Zmusił się, by na niego ponownie spojrzeć, po czym dał znać ogonem, żeby już wracali. Droga powrotna do wyjścia z groty, przeminęła w milczeniu, zgodnie z tradycją. Kiedy znaleźli się na zewnątrz, a chłodny wiatr musnął ich po pyskach, Jeżyk zwrócił ślepia w stronę Mokrego.
- Jak było? - zamruczał miło. - Odebrałeś życia?
- Było... niesamowicie. - odpowiedział przywódca. - Widziałem tak dużo bliskich memu sercu kotów. Czuję się taki...
- Szlachetny? - dopowiedział Jeżowa Ścieżka. Większy uśmiech wkradł się na jego pyszczek. Skromnie zaszurał łapą po ziemi. - Ale wiesz, że dla mnie pozostaniesz Mokrą Gwiazdą, moim przyjacielem?

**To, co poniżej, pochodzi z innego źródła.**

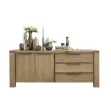 Dressoir Valvola geeft een warme, natuurlijke sfeer aan je interieur. Dit dressoir heeft 2 deuren en 3 laden en is afgelakt met een beits en matglans lak in een warme, bruine kleur. De kast is 190 cm breed en 78 cm hoog. De lades zijn voorzien van een softclose systeem, waardoor deze automatisch zachtjes sluiten. Achter de deuren, die uitgevoerd zijn met een magneetsluiting, vind je een vaste legplank. Genoeg ruimte dus om je spullen in op te bergen. De slanke, metalen handgrepen vallen mooi in de bovenkant van de frontjes en geven het dressoir een stijlvol, modern accent.

Dla innych możesz być najlepszym w historii klanu przywódcą.
Zdawało się, że jeszcze księżyc temu rozmawiali o jego potencjalnym zostaniu liderem. Los potrafił płatać figle. Doczekali tego dnia. Teraz Mokra Gwiazda będzie z nimi jeszcze przez wiele, wiele sezonów.
- Dziękuję, że we mnie wierzysz. Dużo to dla mnie znaczy. - miauknął przyjaciel.
- Będę ciebie zawsze wspierał. Zawsze. - miauknął z pewnością w głosie medyk. - A teraz wracajmy do obozu.
Mokra Gwiazda krótko skinął głową. Ruszyli więc w drogę powrotną, kierując się tą samą trasą, z której przyszli. Nim jednak byli w połowie, dotarła do nich dziwna, intensywna woń, niesiona z wiatrem. Jeżowa Ścieżka wysunął pazury. Miał szczęście, że Pliszkowy Krok był dobrą mentorką i dużo go nauczyła, chociaż w walce miałby właściwie niemożliwe szanse, był gotowy bronić Mokrej Gwiazdy, nawet za cenę własnego życia. Zjeżył instynktownie sierść.
- M-może przyspieszmy? - nawet nie wyczuł, gdy zaczął mu się łamać głos.
Cokolwiek to było, zdawało się, że jest bardzo blisko.